MongoDB
Designing a Photo Sharing App
Architecture of an Instagram-like photo sharing platform — image upload, processing, CDN delivery, explore feed, and hashtag indexing.
S
srikanthtelkalapally888@gmail.com
Designing a Photo Sharing App
A photo sharing platform lets users upload, process, and share images with followers.
Requirements
- Upload photos up to 10MB
- Apply filters
- Follow users, view feed
- Explore / discover content
- Hashtags, location tags
- 500M users, 100M photos/day
Photo Upload Pipeline
Client uploads photo
↓
Upload Service → S3 (original)
↓
Message Queue (Kafka)
↓
Image Processing Workers:
- Resize: thumbnail, medium, large
- Apply filter (optional)
- Extract EXIF data
- Generate blurhash (placeholder)
↓
S3 (processed variants)
↓
CDN distribution
↓
Update photo metadata in DB
Storage Estimation
100M photos/day × 3 variants × 200KB avg = 60TB/day
→ CDN caches hot content
→ S3 Intelligent Tiering for cold storage
Metadata Database
photos(id, user_id, caption, location, created_at)
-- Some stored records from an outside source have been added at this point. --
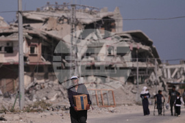 A Palestinian boy carries a box of food from the World Food Programme (WFP) after collecting it in Khan Younis, in the southern Gaza Strip, Monday, Oct. 20, 2025. (AP Photo/Jehad Alshrafi)
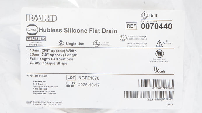 Bard 0070440 Davol Hubless Silicone Flat Drain 3/8inch x 7.9inch
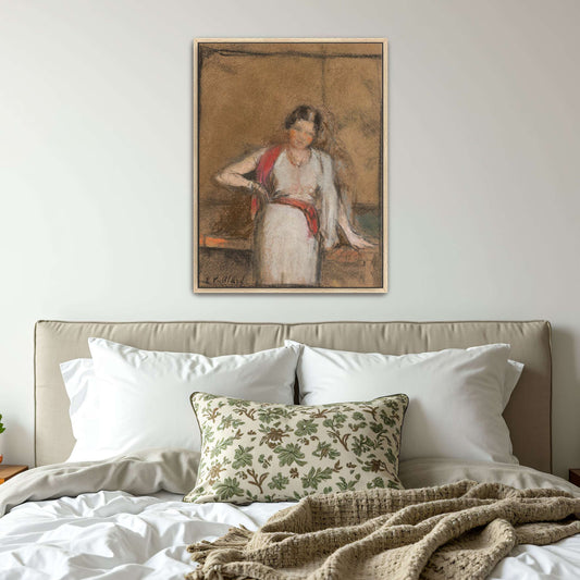 Woman In White Dress And Red Scarf, Portrait, Half-Length, Indoor Setting By Édouard Vuillard
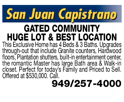 San Juan Capistrano GATED COMMUNITY HUGE LOT & BEST LOCATION This Exclusive Home has 4 Beds & 3 Baths. Upgrades through-out that include Granite counters, Hardwood floors, Plantation shutters, built-in entertainment center, the romantic Master has large Bath area & Walk-in closet. Perfect for today’s Family and Priced to Sell. Offered at $530,000. Call. 949/257-4000
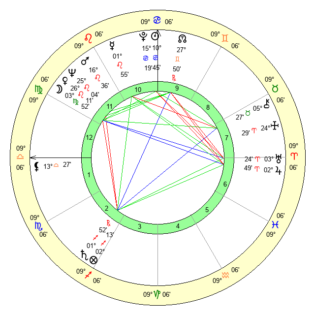 | Moon | 3 Virgo 57 | 21 Libra 52 | 28 Pisces 31 |

photo_urls(photo_id, size, s3_url)
hashtags(id, tag)
photo_hashtags(photo_id, hashtag_id)
Feed Generation
Same as news feed:
- Hybrid fan-out
- Redis sorted set per user (score = timestamp)
- Celebrity posts merged at read time
Explore / Discover
Content signals → ML pipeline → Explore feed
- Post engagement rate
- Similarity to liked content
- Geographic proximity
- Trending hashtags
Hashtag Indexing
Post created → Extract hashtags
→ Index in Elasticsearch
Hashtag search: #sunset
→ Elasticsearch query → Recent + popular photos
Stories (24-hour ephemeral)
Story uploaded → S3
Story metadata → Redis (TTL: 24 hours)
Viewer list → Redis SET per story
→ Auto-expire after 24 hours
Conclusion
Photo apps are CDN-first. Async image processing, hybrid feed fan-out, and Elasticsearch-powered hashtag search form the core architecture.